Provided data:
******
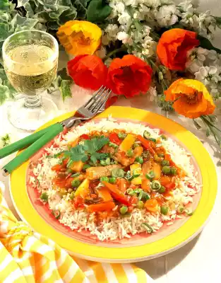 Cook the rice in boiling salted water for about 20 minutes. In the meantime defrost peas. Clean, wash and cut spring onions into rings. Drain the pineapple and collect the juice. Cut the fruit flesh into small pieces. Wash flesh, dab dry, cut into thin strips. Fry in hot oil over high heat for 3 minutes while turning.
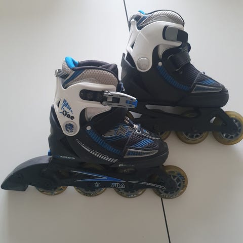 Inliners, FILA, str. 35-38, X-One, justerbar størrelse, brugt men fin stand, knæ-, albue- og håndledsbeskyttere medfølger.
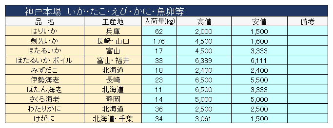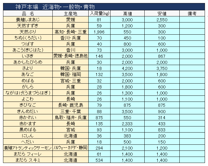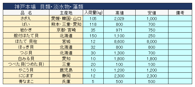 主要品目以外の市況情報です。(アガリ等は除外)
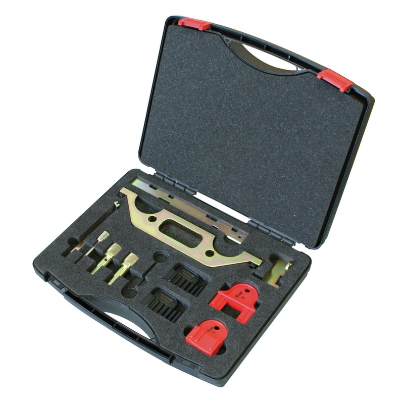 Designed for the locking/positioning and checking of engine shafts such as camshaft and crankshaft. The set also includes tools to lock/position the timing belt tensioner. An indispensable tool kit when replacing a timing belt or performing an engine repair. An indispensable tool kit when replacing a timing belt or performing an engine repair.
******
Aim of the task: Please return the full listing word for word, but without any pictures.

Finished task:
 Cook the rice in boiling salted water for about 20 minutes. In the meantime defrost peas. Clean, wash and cut spring onions into rings. Drain the pineapple and collect the juice. Cut the fruit flesh into small pieces. Wash flesh, dab dry, cut into thin strips. Fry in hot oil over high heat for 3 minutes while turning.
 Inliners, FILA, str. 35-38, X-One, justerbar størrelse, brugt men fin stand, knæ-, albue- og håndledsbeskyttere medfølger.
 主要品目以外の市況情報です。(アガリ等は除外)
 Designed for the locking/positioning and checking of engine shafts such as camshaft and crankshaft. The set also includes tools to lock/position the timing belt tensioner. An indispensable tool kit when replacing a timing belt or performing an engine repair. An indispensable tool kit when replacing a timing belt or performing an engine repair.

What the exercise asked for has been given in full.